We have become masters at hiding and fixing our negative emotions as they arise. We tell each other “you’ll be OK, lighten up, don’t stress, it’ll pass.” We tell others “I’ll be fine, I’ll get over it, don’t worry about me.” All of these typical reactions reaffirm that our negative emotions must be shaken off or moved quickly through to get back to being “good.” They reaffirm that being happy or “good” is the only desirable emotion, which is so damaging to our mental health and our self acceptance.
Step towards your negative emotions and try and understand why they are there. Trying to escape from them or pretending they don;t exist may seem to make them easier to deal with, however, we are not honouring the reason we are having them or honouring ourselves in that process.
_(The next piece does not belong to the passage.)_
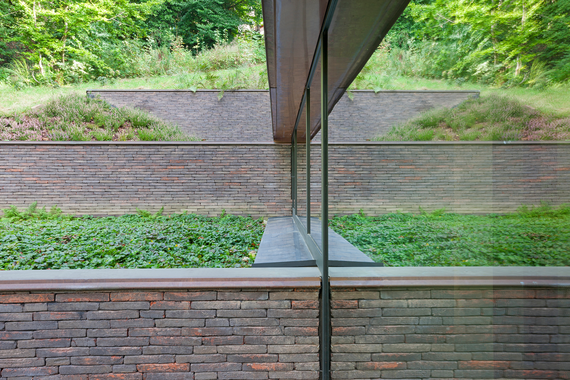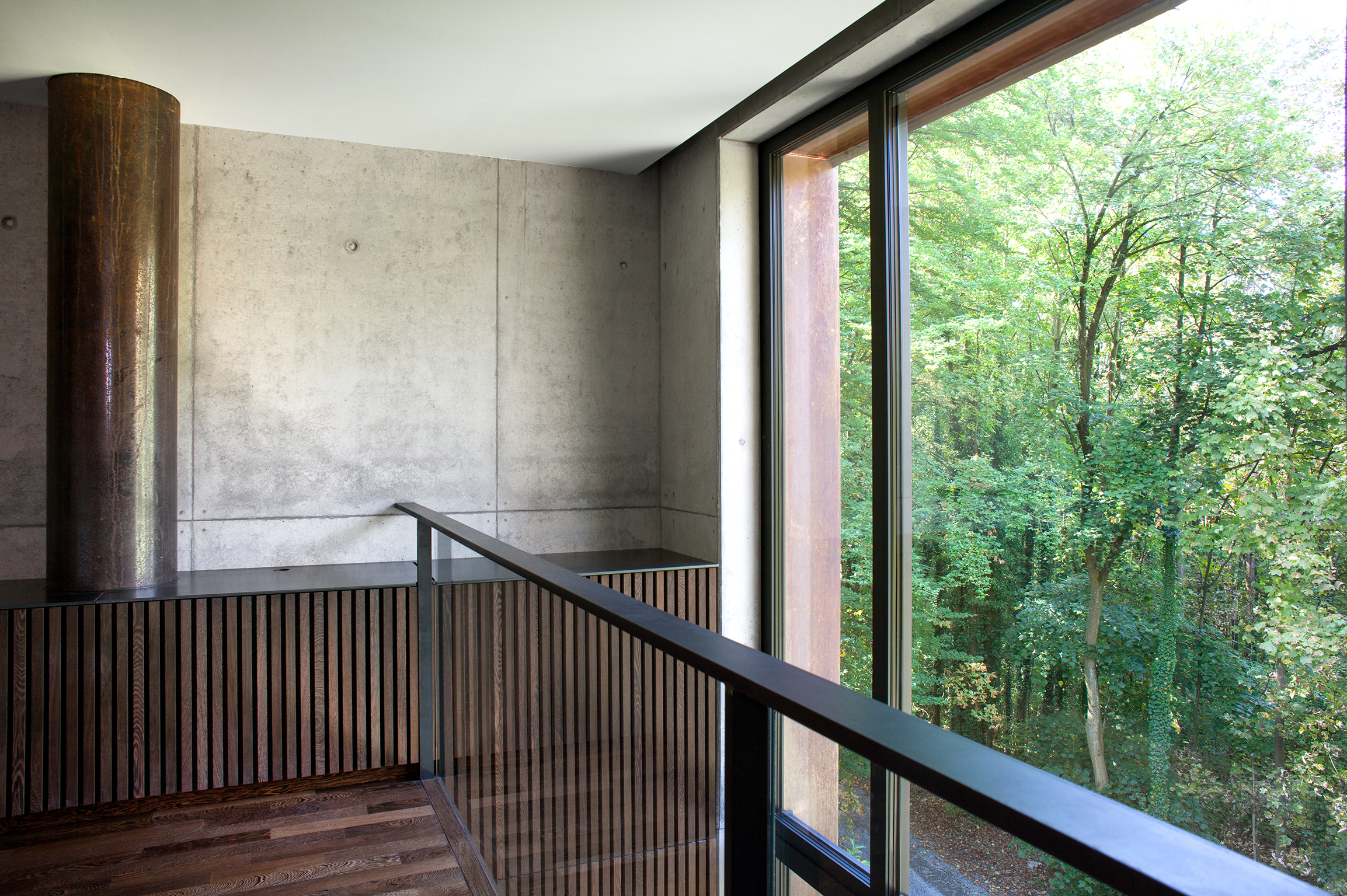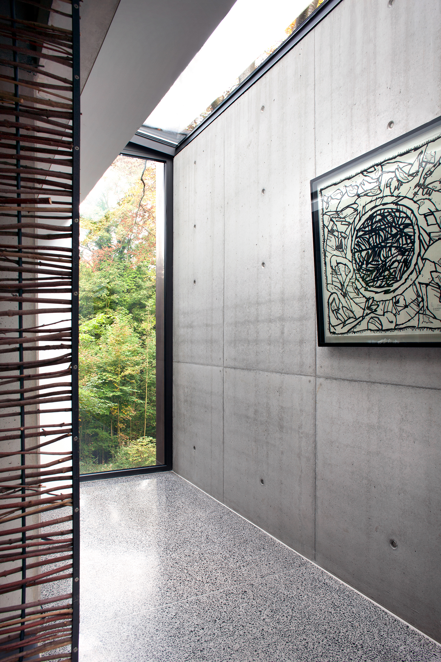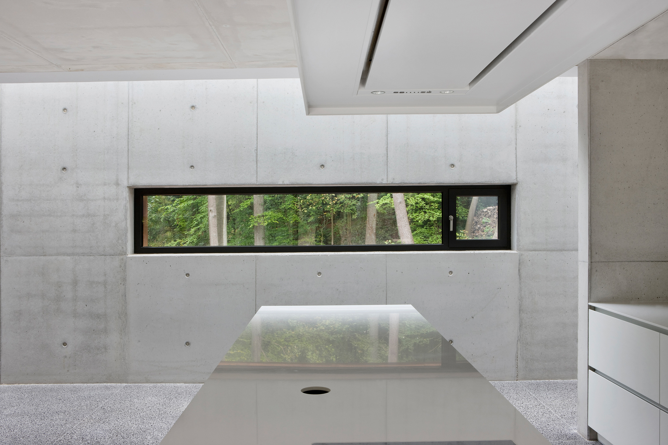 Die Positionierung erscheint auf den ersten Blick ungewöhnlich: Rechtwinkelig zum kleinen privaten Zufahrtsweg und zu dem steilen Hang arrangiert sich der riegelförmige Baukörper. Er scheint geradezu organisch aus dem Gelände herauszuwachsen. Das entspricht der Intention des Architekten, das Gebäude optisch so subtil wie möglich in die Natur zu integrieren und es zugleich energetisch nachhaltig auszustatten.
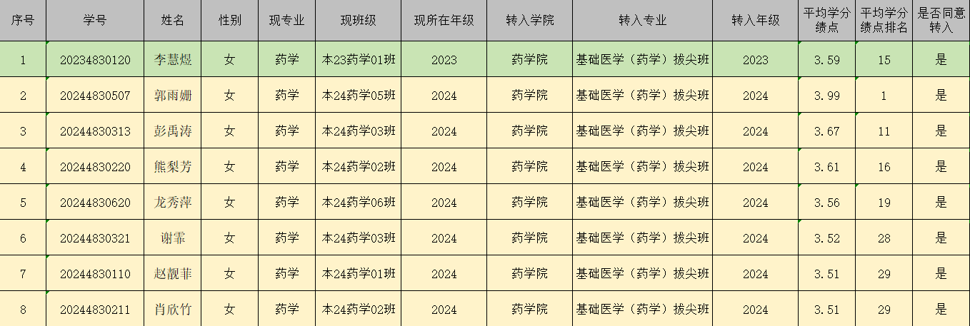 经学生本人申请、学院审核,按照平均学分绩点由高到低排列,拟同意李慧煜转入2023级基础医学(药学)拔尖班学习,郭雨姗等7人转入2024级基础医学(药学)拔尖班学习。现将名单公示如下,公示期为2025年9月28日至2025年9月30日18:00。如有异议,请以书面形式递交太阳集团城娱8722教务办,联系电话:0734-8281782。

Negative emotions are just as much a part of us as positive ones, so why turn your back on that aspect of yourself? That is a large part of you to cast aside as “unacceptable.”
Leaning into the icky feelings, allows us to learn from them and to understanding the information that they contain. So, happiness is not the only emotion that brings our life meaning and fulfillment. Pain, suffering, and struggle should not be seen as weakness or failure as they can help us to recognise the good things, make us kinder, focus our thoughts, give our life depth and offer us a deep understanding to ourselves and who we really are.